“Call to me and I will answer you and tell you great and incomprehensible things you do not know.” Jeremiah 33:3 (CSB)
Do you ever envy God’s answers to someone else’s prayers?
I recall the twinges of pain that shot through my heart each time I would open my mailbox discovering yet another baby shower invitation. As a young bride longing to become a mother, the joy of my positive pregnancy test was shattered a few months later when I suffered a miscarriage. And, although I was genuinely thrilled for my friends who were pregnant, I was also heartbroken that it wasn’t my name on those pale pink or baby blue invites.
I call this answer envy. It is that “poor me” mentality that creeps into my heart when God answers someone else’s prayers more quickly than mine. Or when His answer seems to be a “no,” or at least a “not right now.”
I’ve had my fair share of answer envy outbreaks over the years, at all stages of life.
As a child, I was envious of the kids who came from two-parent homes while I resided in a family torn apart by divorce. No matter how hard I folded my little hands and prayed to God, my daddy didn’t come back to us.
In high school, it was other girls’ good looks, cute clothes or even cuter boyfriends that I longed for. Instead, I was granted average looks and wore hand-me-down fashions. And, as sports editor of our school paper, although I was every guy’s pal, I was usually nobody’s gal.
In college, I envied those whose prayers for a knight in shining armor (complete with a diamond ring) were answered while I remained single.
My heart was filled with questions. God, why did my daddy leave? Where’s my knight? Why don’t I have a baby to hold? When will it be my turn?

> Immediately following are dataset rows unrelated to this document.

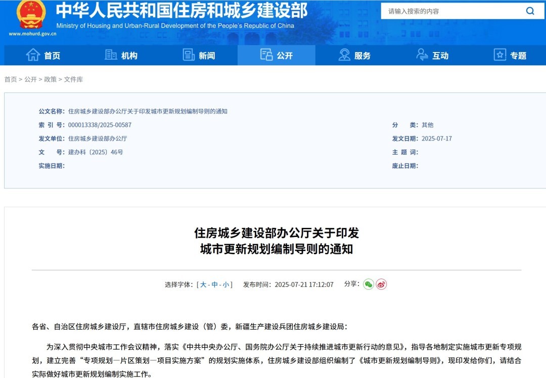为落实《中共中央办公厅、国务院办公厅关于持续推进城市更新行动的意见》,指导各地制定实施城市更新专项规划,建立完善“专项规划—片区策划—项目实施方案”的规划实施体系,日前,住房和城乡建设部组织编制了《城市更新规划编制导则》。
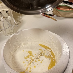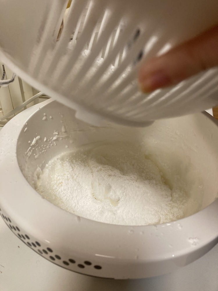 So haben wir begonnen, Kreise auf ein Backpapier zu malen, damit der Teig später die typische Form erhält. Nachdem der Eischnee mit Staubzucker aufgeschlagen war, kamen noch Mehl, Salz, Vanillearoma und die zuvor geschmolzene Butter hinzu, alles wurde gut verrührt und kurz stehen gelassen. Anschließend haben wir die Masse in die vorab gemalten Kreise gestrichen und für ein paar Minuten in den Backofen geschoben.
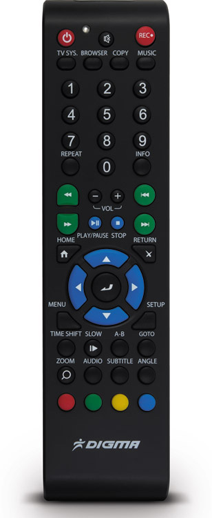 Расположение клавиш вроде более или менее традиционное, кнопки не слишком удобные, однако разработчик пульта решил продемонстрировать нестандартное креативное мышление, поэтому наиболее часто нажимаемые кнопки - пуск/пауза и стоп - он сделал такими микроскопическими, что я думаю - он над нами издевается и был подослан конкурентами в Digma специально, чтобы снизить продажи. Решение просто дебильное, как и в случае  микроскопических кнопок регулировки звука.
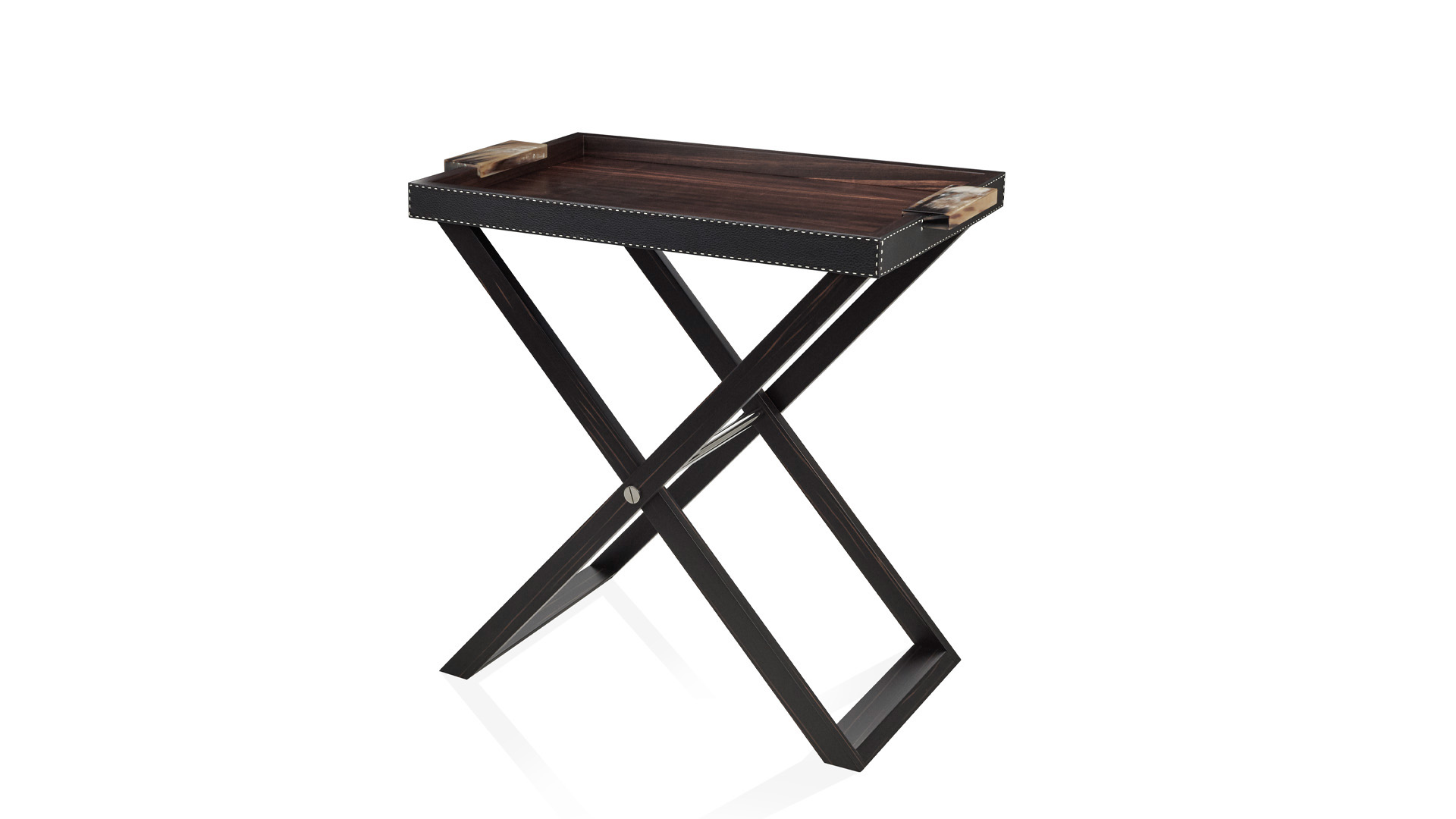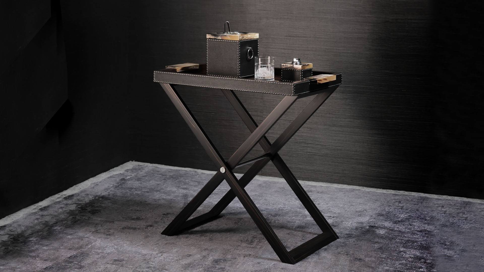 Versatile and elegant, Lipari is a butler’s tray that can be used both for serving drinks and as an extension of the side table. The tray in matte Amara ebony veneer and Aida pebbled leather, Onyx colour rests on a folding structure in wood.
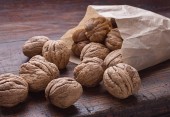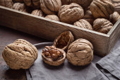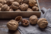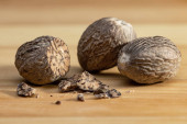 Kupa gałek muszkatołowych na drewnianym brązowym tle. Przyprawy i przyprawy. Zbliżenie, zdjęcie studyjne.
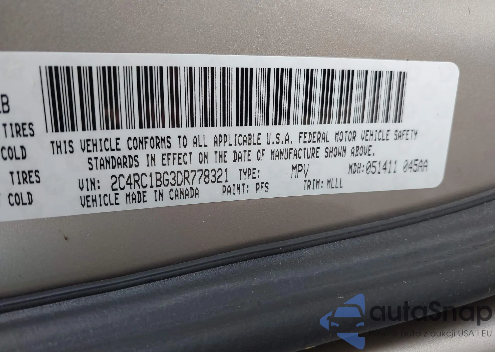 • VIN 2C4RC1BG3DR778321
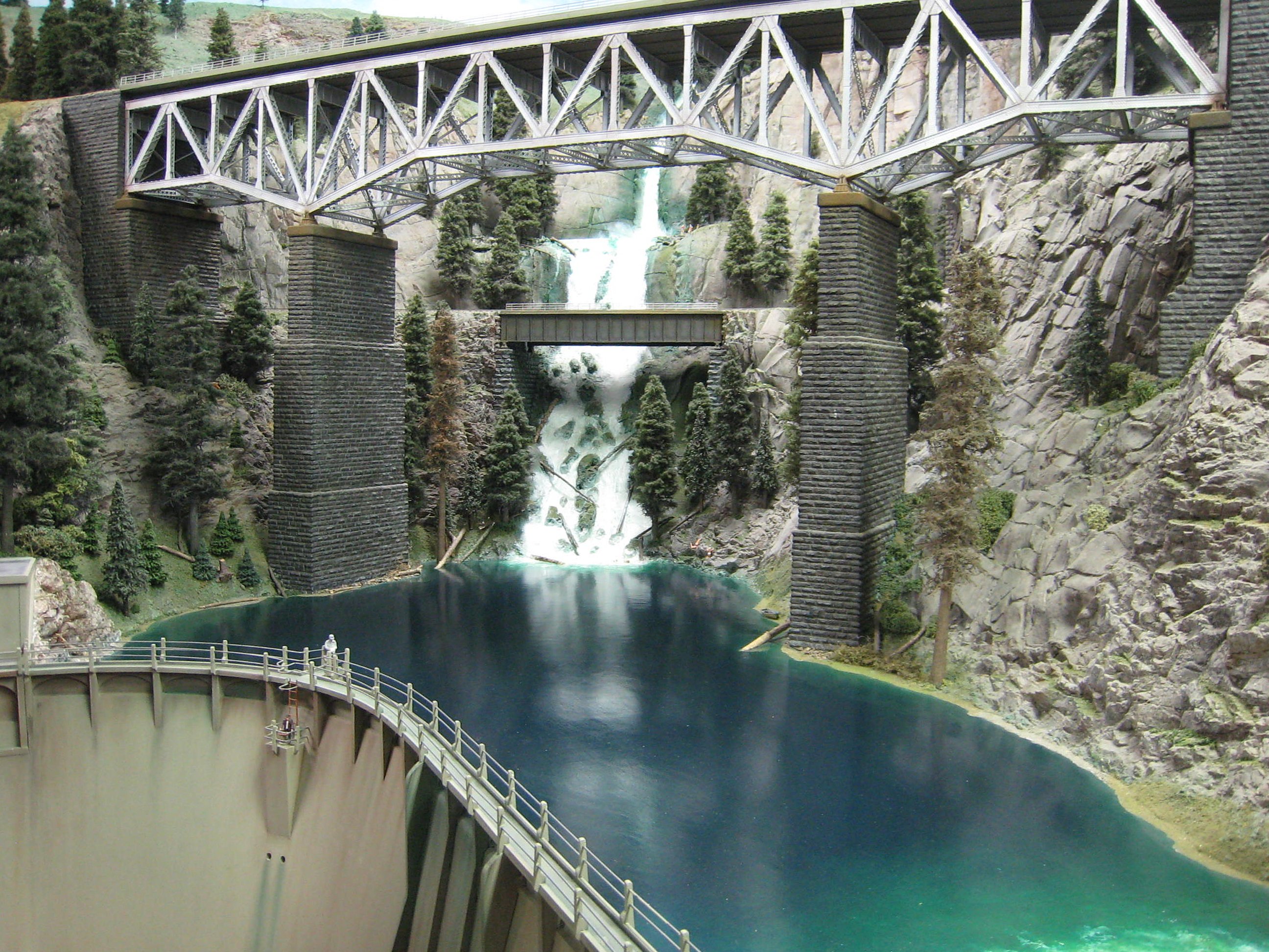 At times, scenery is more impressive than trains. Although static, scenery can be truly beautiful and outstanding – a real piece of art. In this scene, the silver bridge and piers were constructed by Don Ledger using over 6,000 individual pieces of plastic. Some pieces were parts from commercial HO kits while others were scratchbuilt from next to nothing. Mike Kotowski created the waterfall by pouring multiple layers of liquid Gesso at the top and letting it freely run down the hillside seeking its own nooks and crannies. Some layers were whitish, some greenish and some bluish for an interesting overall effect. Notice the green moss only alongside the edges of the waterfall where the water spray dampens the soil. Rock castings by Keith White, pine trees by Don Ledger and a damn fine dam in the foreground by Mike Kotowski. The dam was a most creative project designed and built to prevent lake water from spilling onto the carpet below. A fine solution to a perplexing problem.
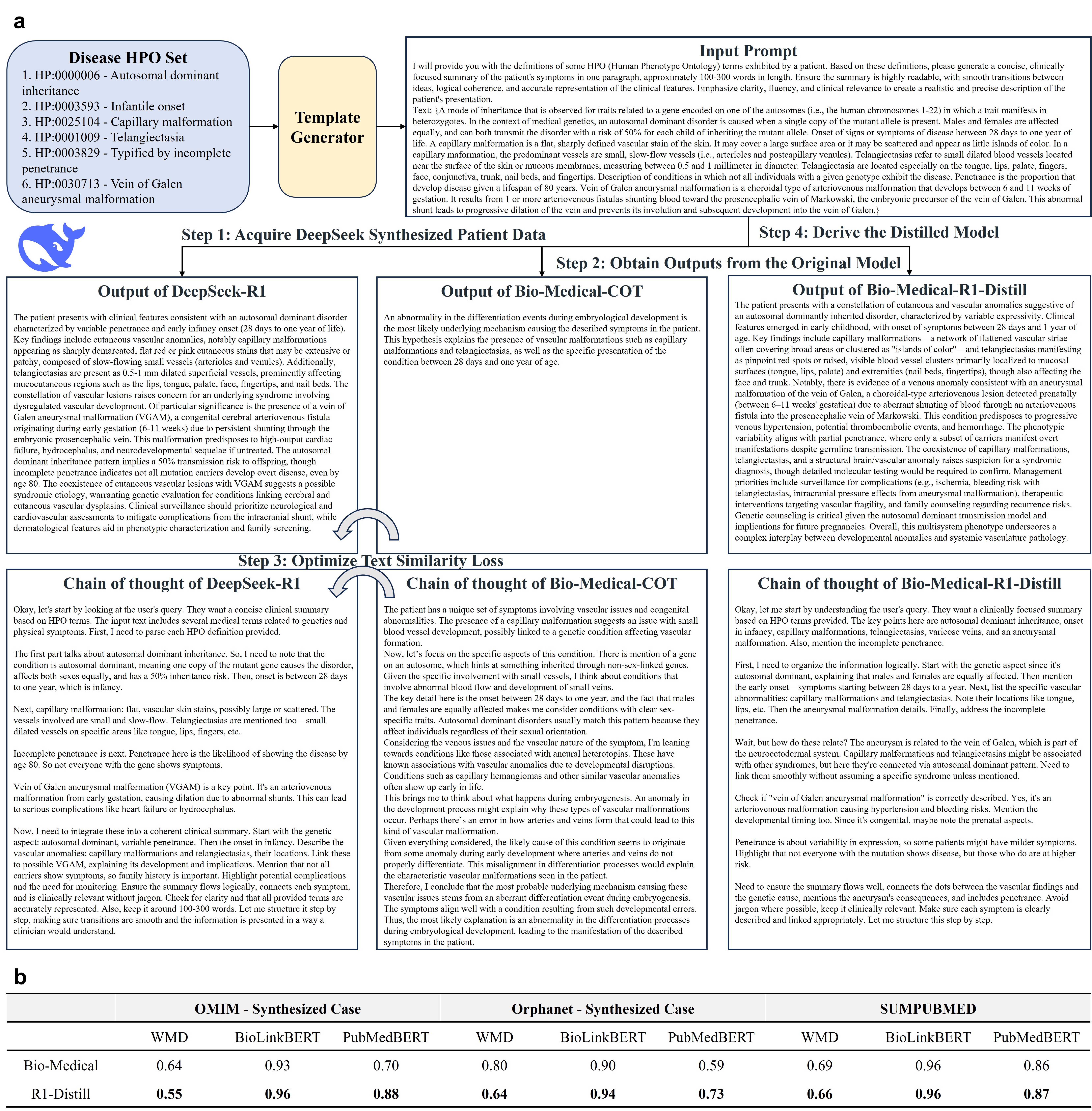 Summarizer:基于蒸馏训练的Bio-Medical-3B-CoT模型,输入HPO术语,输出高质量、以患者为中心的临床摘要,提升症状的可解释性。
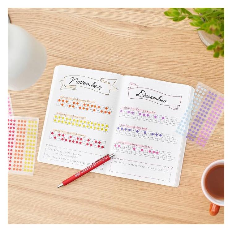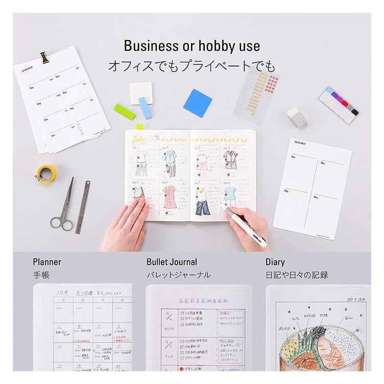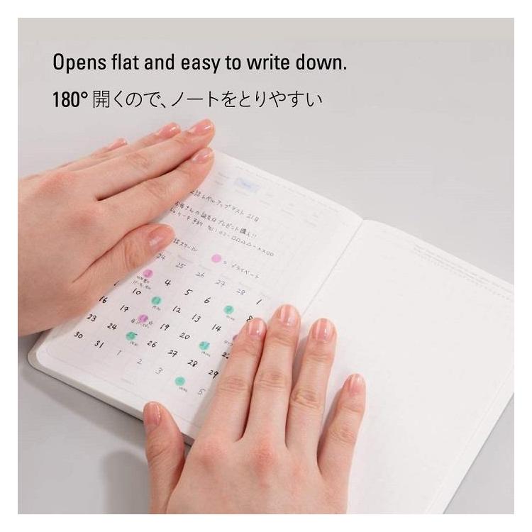 時刻を表す数字、日付と曜日、そしてグリッドという最低限の要素だけを載せたシンプルなノートなので、日記帳にもスケジュール帳やクロッキー帳にもなり、使う人の多彩な半年間を受けとめます。
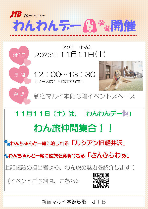 「JTB わんわんデー」 11月11日(土)12:00~13:30
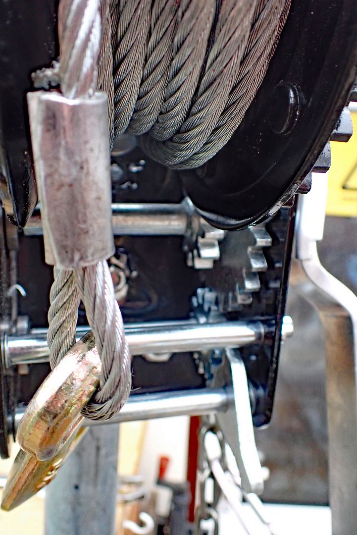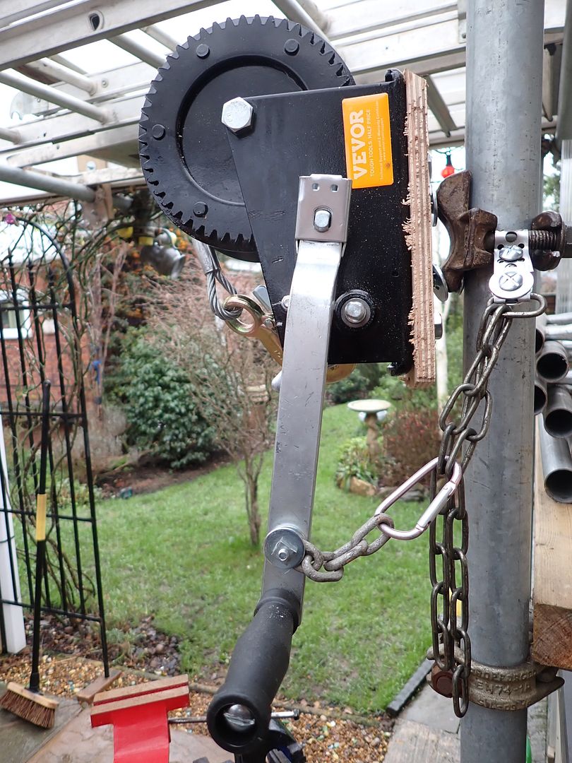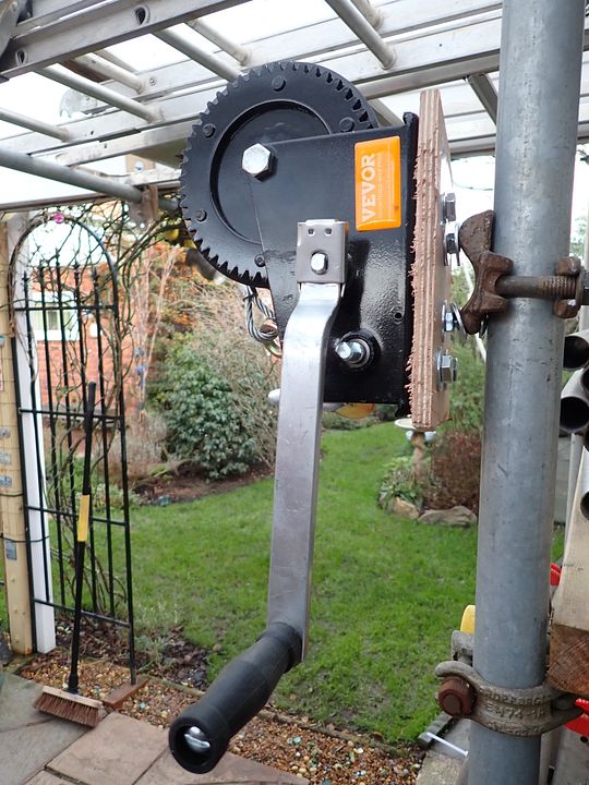 Using a tape winch for tub hauling in Reservoir Hole worked fairly well. The dig at QWUH is about 8 metres deep and hauling the tub up needs two people. It becomes very tiring with a muddy rope after a short while. I thought that we could try a wire winch ( £31 on Amazon ). Getting it in place is the issue. To overcome this I have mounted the winch on half a scaffold clip. That will then sit on a vertical pole on a base jack to the roof. The winch can be moved up or down and sideways with the pole. It can be removed quickly as not bolted to a wall. In test the winch lifted a weight one metre per ten seconds. That of course depending on how quickly you turn the handle. In theory hauling fatigue is eliminated and larger loads can be lifted. The ratcheted load cant be dropped back down the dig. Will give at a try on Tuesday no doubt in practice something I have overlooked will occur.
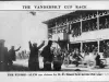 Black and white postcard depicting the finish line at The Vanderbilt Cup Race on Hempstead Plains, Long Island, New York. A blurred car and a grandstand filled with spectators are in view.
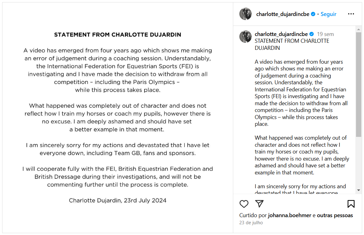 Dujardin já havia divulgado um pedido de desculpas e afirmado que isso era “completamente fora do meu normal” e um “erro de julgamento”. Três dias antes da Cerimônia de Abertura de Paris-2024 no Rio Sena, ela anunciou que estava se retirando da competição olímpica.
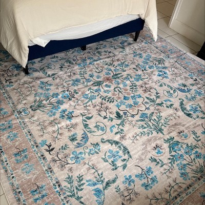 Washable Area Rug, 5x7 Boho Floral Soft Rugs for Living Room, Non Slip Low Pile Carpet for Bedroom, Dining Room, Nursery, Hallway, Blue: Pet Friendly
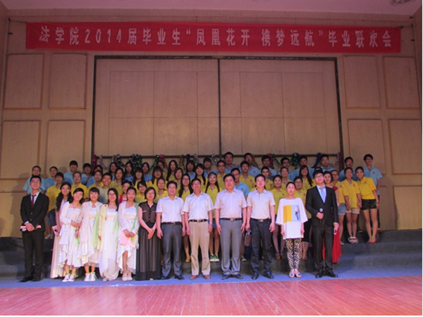 5月30日晚,帕瓦罗蒂音乐厅热闹非凡、真情涌动,夏花绚烂,灯火辉煌。由法学院2010级主办的2014届毕业生毕业晚会在这里隆重举行。晚会以“凤凰花开 携梦远航”为主题,法学院党总支书记张银付,法学院副院长华锋,教师代表张荣现、于庆生、李佳勋,院党总支秘书、2010级辅导员刘静,院研究生秘书、2011级辅导员左红娟,院团委书记、2012级辅导员马淑明出席了本次毕业联欢会,近500名学生共同观看了此次联欢会。联欢会充满激动与惊喜,离别与感恩,现场气氛热烈而又情谊浓浓。师生们奉上了自编自演的精彩节目。

Over the years I’ve discovered the cure for answer envy isn’t always easy. Rather than stay stuck in disappointment, I must play an active role in my healing.
What I need is a shift in perspective. When I call out to God with my questions as encouraged in Jeremiah 33:3, I must trust He will keep His word. He will tell me “great and incomprehensible things” that I do not know. Sometimes those things He provides are the answers to my request. However, do you know what those great and incomprehensible things more often are? They are the reasons He seems not to be answering my original request!
While God is generous to answer my requests, I also need to ask myself some questions. Questions like, “What is my Creator trying to teach me that I might never learn if He were to suddenly pluck me out of this situation?” Or, “What character qualities is He trying to grow in me? Patience, trust, compassion, contentment?”
Not available in quick microwave form, the cure for answer envy has to be cultivated moment by moment.
We must believe that God will answer. He will clearly say “yes,” “no,” or “not right now.” He is able, ready and willing to answer our prayers—here is the catch—as He sees fit and to grow us to be more like His Son in the process.
Sometimes we’ll have a long stay in God’s waiting room. Having been there myself, I now know this to be true: I must not merely seek the answer to my prayer. Instead, I must seek a deeper relationship with the answer Giver.
Dear Lord, thank You for Your perfect plans … Your perfect timing … and the perfect way Your development happens in my times of waiting. In Jesus’ Name, Amen.